Su describes China’s sophisticated digital surveillance apparatus that ties citizens’ identification cards, bank accounts, health information, and cell phone data into a single tracking system. Police officers equipped with digital sunglasses connected to handheld computers can scan any citizen’s face and within three seconds retrieve their complete social credit score, revealing whether they have ever criticized the Communist government. The journalist warns that ESG policies and digital currency initiatives in the West inch closer to similar control systems.
“Whatever that we call the socialist approach in the United States, if you think that’s bad, now think about this, China is 10,000 times worse than wherever we see here in the United States.”
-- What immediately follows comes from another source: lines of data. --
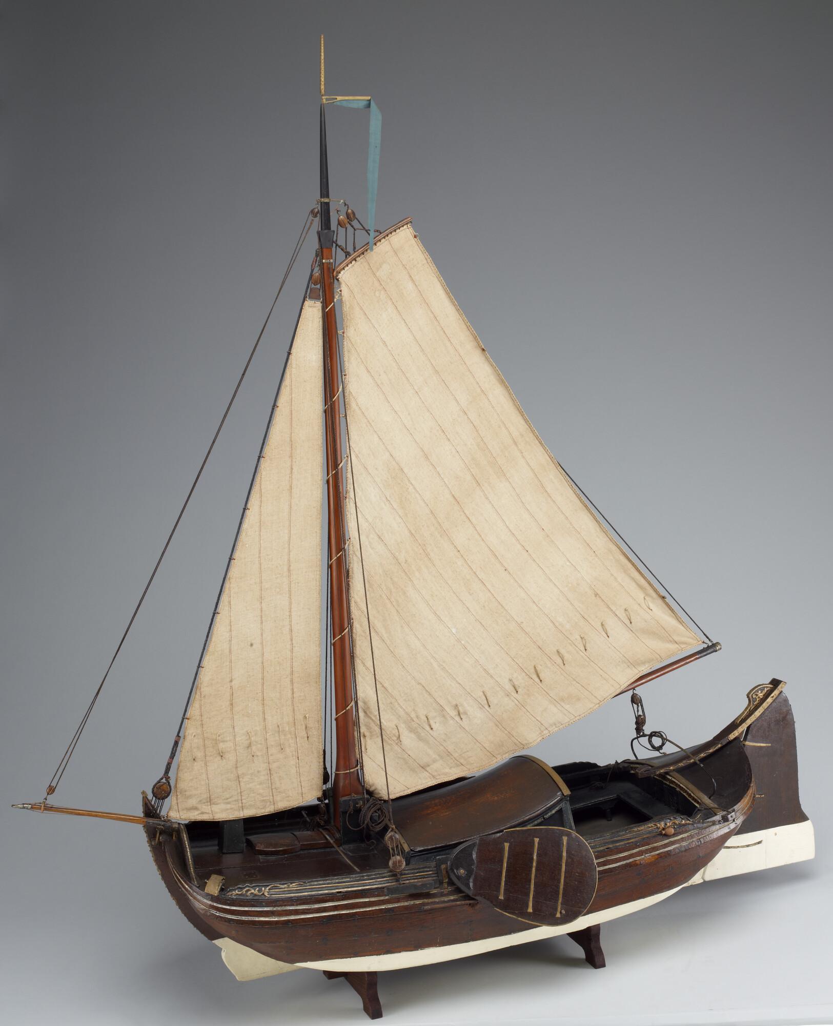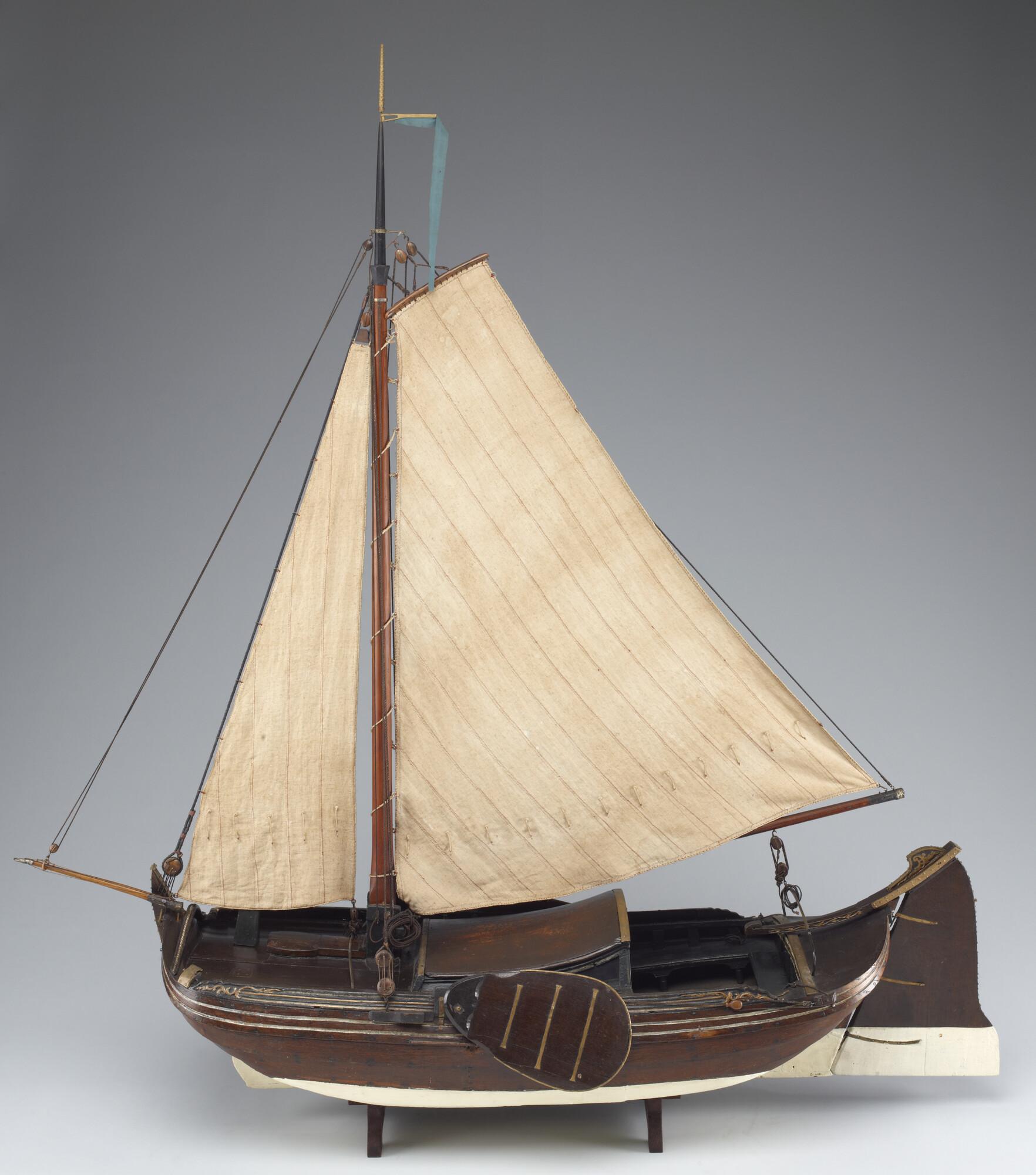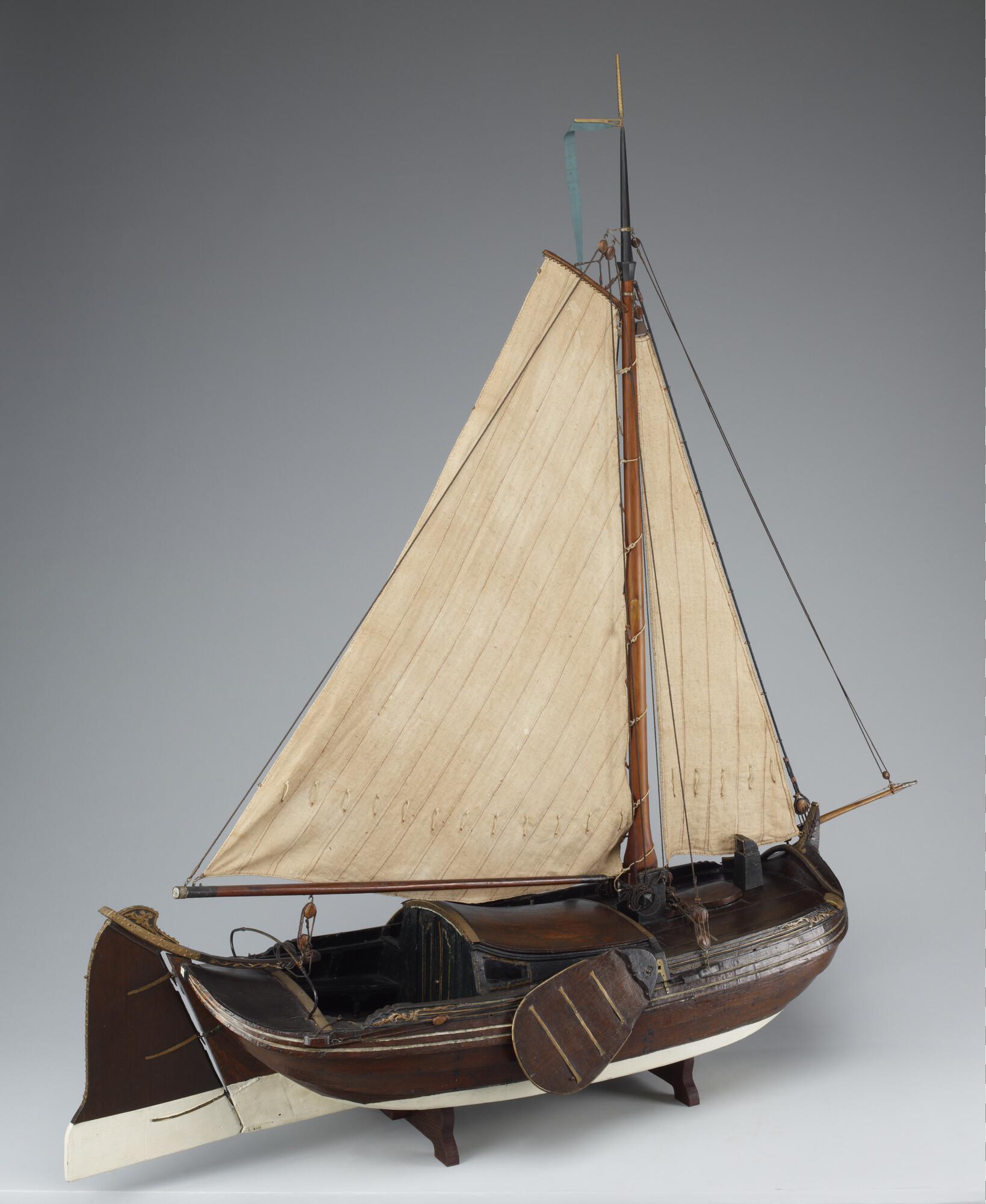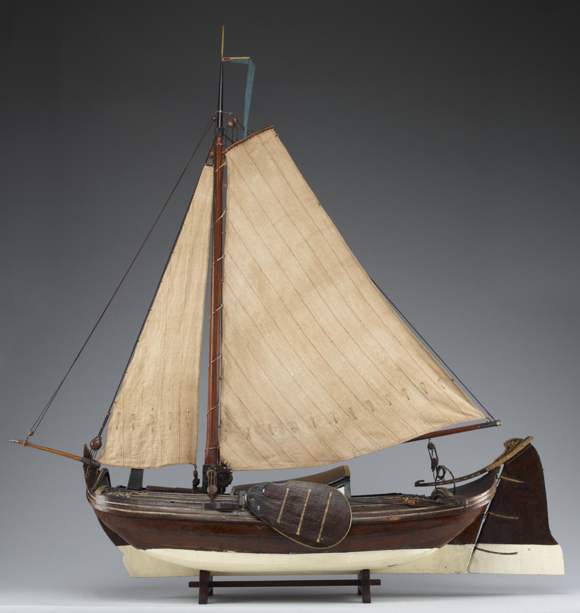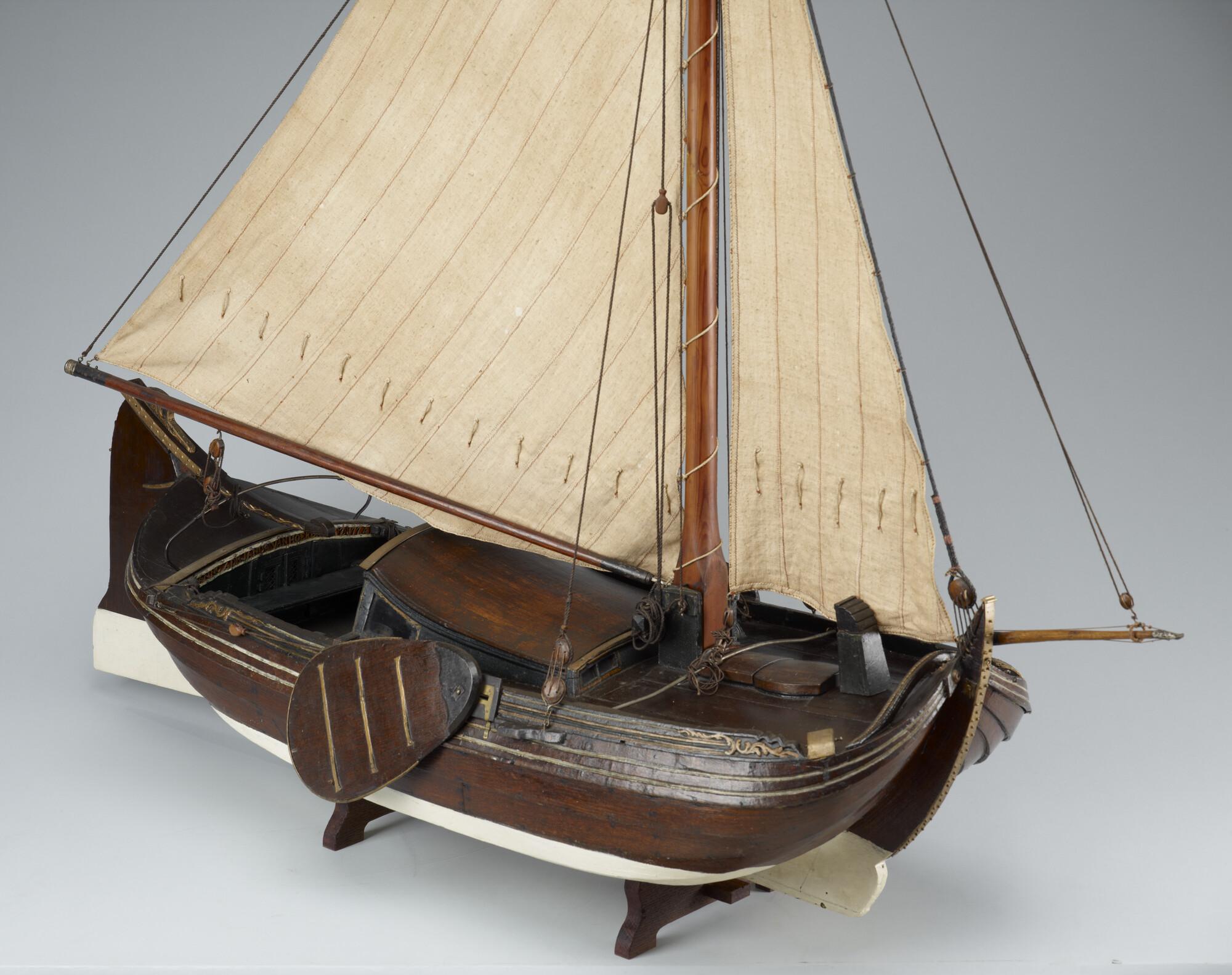 Getuigd model van een Leidse boeier, 1774, vermoedelijk het stadsjacht van Leiden. Op de hennebalk is de naam van de maker ingesneden. De drie gangen in het vlak zijn karveel. Daarop sluit de kimgang aan die in de boegen overnaads is en midscheeps karveel is. Hierboven zijn weer drie gangen, en daarboven het boeisel. De ...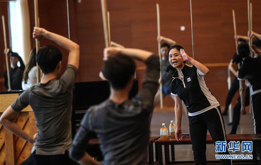 7月9日,遼寧芭蕾舞團(tuán)團(tuán)長曲滋嬌在指導(dǎo)演員進(jìn)行芭蕾舞劇《花木蘭》的排練。新華社記者 潘昱龍 攝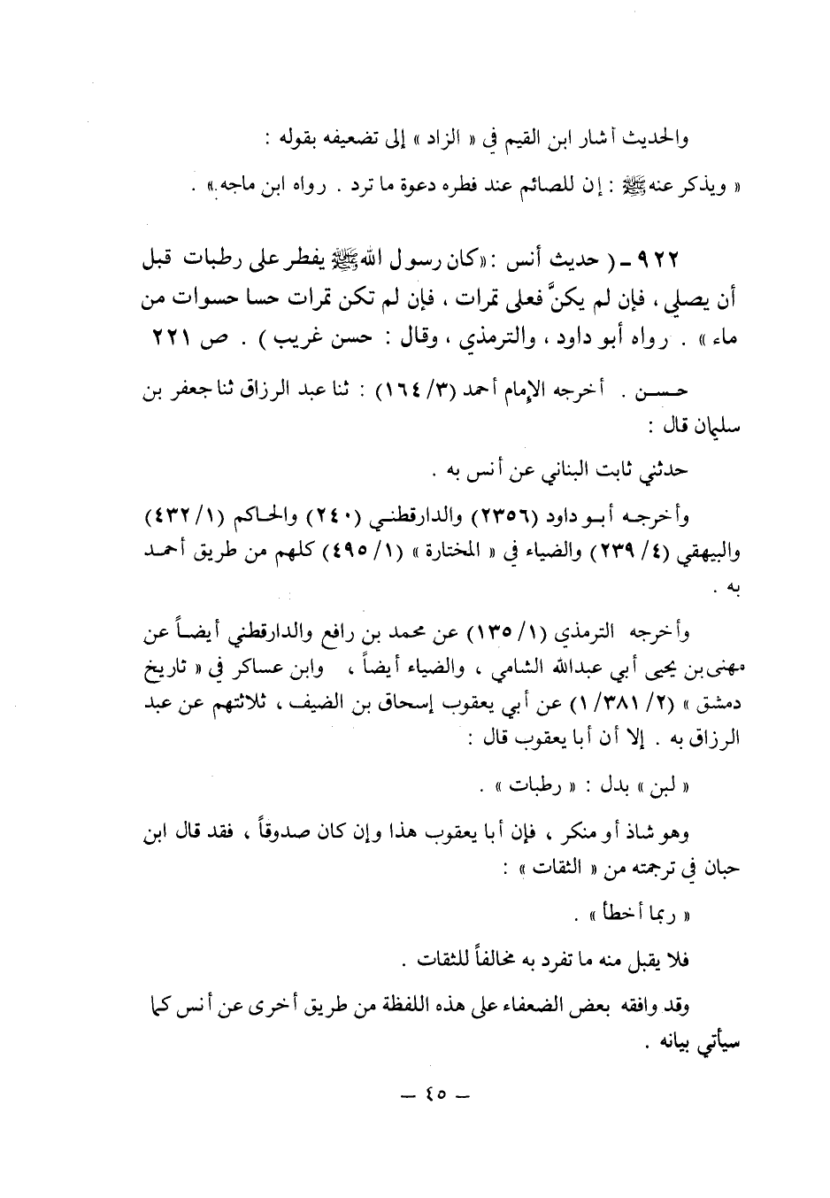 (922) - (حديث أنس: " كان رسول الله صلى الله عليه وسلم يفطر على رطبات قبل أن يصلى , فإن لم يكن فعلى تمرات , فإن لم تكن تمرات حسا حسوات من ماء ". رواه أبو داود , والترمذى , وقال: حسن غريب (ص 221) .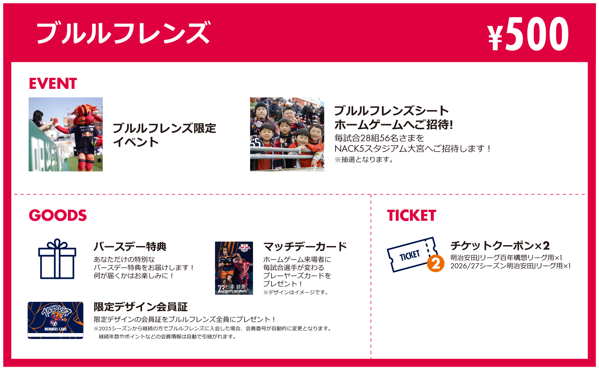 - 2025シーズンファンクラブ会員の方で、明治安田Jリーグ百年構想リーグ(2〜6月)は未入会、2026/27シーズン明治安田Jリーグに入会予定の方は、2025シーズンファンクラブ会員証を利用しますので大事に保管しておいてください。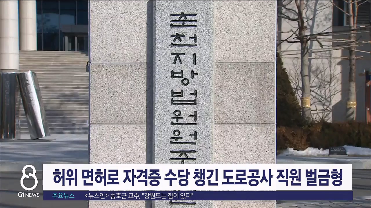춘천지법 원주지원 형사1단독 공민아 판사는 위계공무집행방해 및 건설기계관리법 위반, 사기 등의 혐의로 기소된 한국도로공사 직원 43살 A씨에게 벌금 400만 원을 선고했습니다.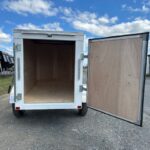 The rear barn door solution has a spring axle with a 2,000-pound capacity, 175/80/D13 bias tires and a 2-inch coupler. The interior luggage compartment height is 46 inches, with an overall height of 68 inches for easy clearance on the road. The trailer also features durable, lightweight Luan walls, a ¾ inch plywood floor and LED lights. The trailer doesn’t include a side door or brakes.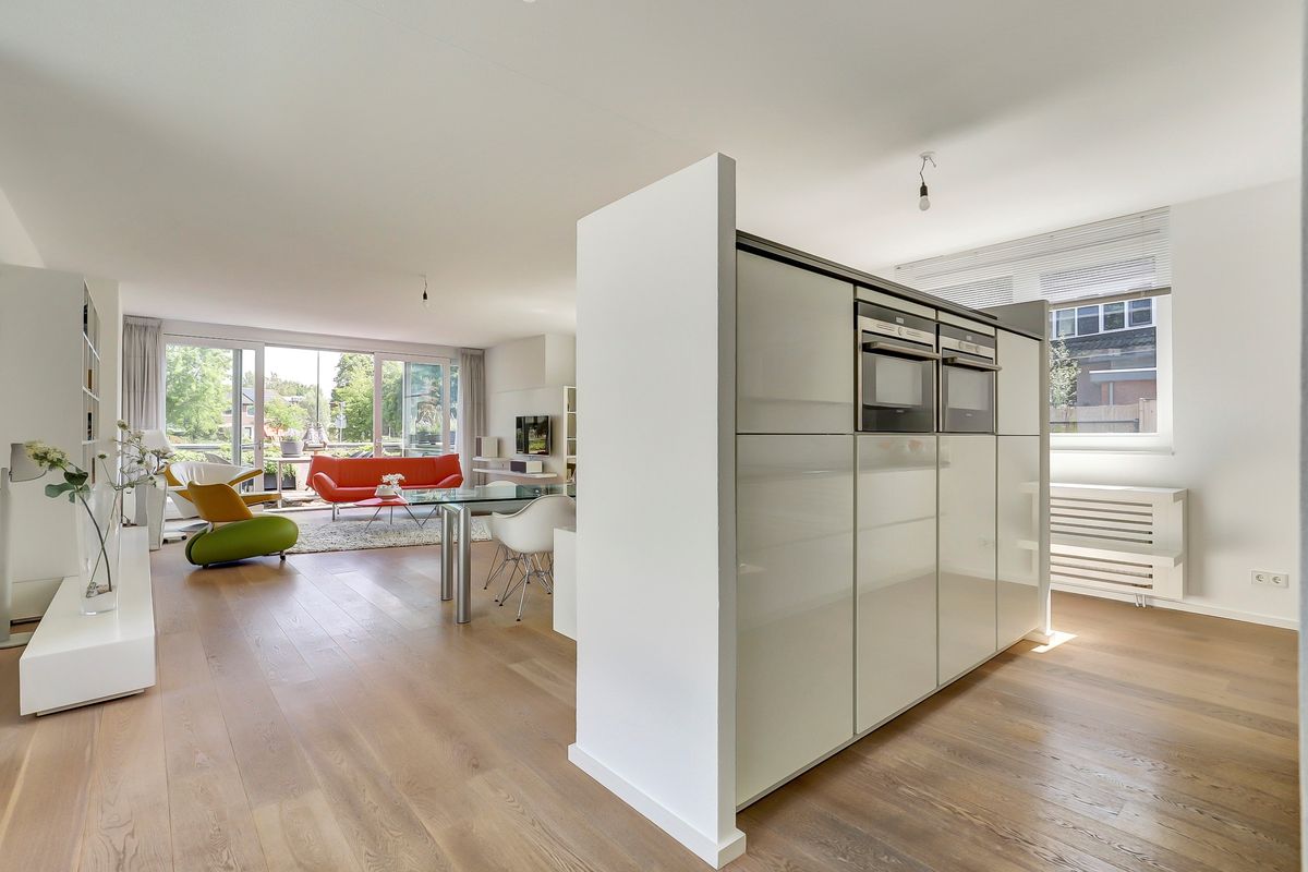 Dit appartement is bewoont door een architect en volledig voorzien van maatwerk kasten. Werkelijk alles klopt in dit appartement. De keuken is hoogwaardig uitgevoerd en voorzien van topkwaliteit inbouwapparatuur welke (helaas) zeer weinig gebruikt is. Er ligt een schitterende blank eiken vloer. Ook in de ruime badkamer is aan alles gedacht. Er is een royale inloopdouche, een ligbad, een dubbele wastafel voorzien van wastafelmeubel en een tweede zwevend toilet. Uiteraard ligt er in de badkamer vloerverwarming. De binnenkant van het appartement is recent volledig geschilderd.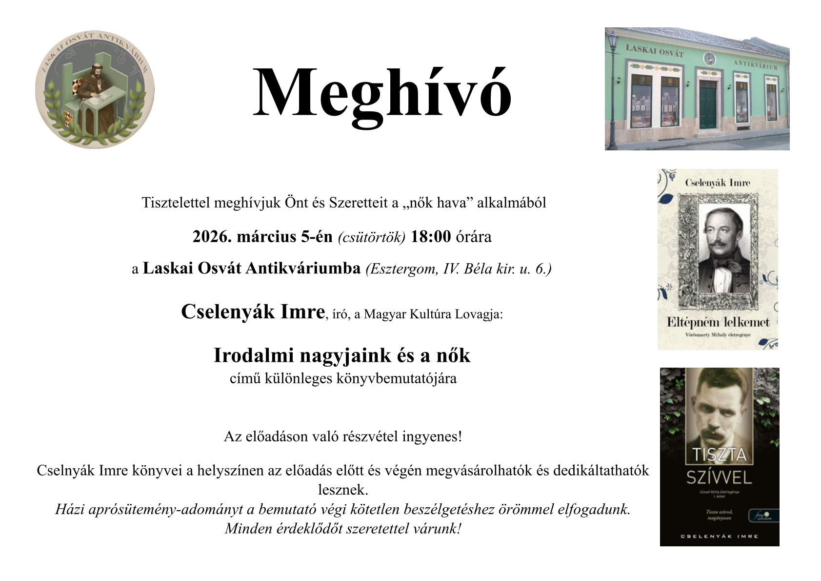 • Address: Laskai Osvát Antikvárium

Nan Su, Epoch Times Senior Asia Correspondent
Joe Brunner, owner of Lucas Liquors in Lone Tree, exposes how Propositions 124, 125, and 126 on Colorado’s ballot would enable out-of-state corporations to corner the state’s alcohol market. Despite $18 million in campaign spending by Total Wine and other corporate interests framing these measures as consumer choice, Brunner explains that consolidation will ultimately reduce selection and raise prices.
Under Colorado law, all retailers pay identical wholesale prices for alcohol. Yet Brunner documents manipulation: when ordering products carried by chain competitors, he faces $9,000 delivery fees versus the standard $5, three-month delays, and deliberate stock shortages. He sells the same single malt whiskey for $79 that the big box across the street prices at $160. Proposition 126’s third-party delivery provision particularly alarms the independent retailer because it removes ID verification requirements and any penalty for delivering alcohol to minors.
“A corporation doesn’t have better pricing, no matter how big they are. That is not happening in Colorado, and you’re not allowed to sell under invoice.”
Joe Brunner, Owner, Lucas Liquors
Kim Ware, Outreach Director for Christian Home Educators of Colorado, addresses the socialization concern critics raise about homeschooling. Ware counters that all children are socialized toward some end, and parents must choose whether public schools’ particular agenda and worldview aligns with their family values or whether they would rather guide their children’s social interactions within the homeschool community.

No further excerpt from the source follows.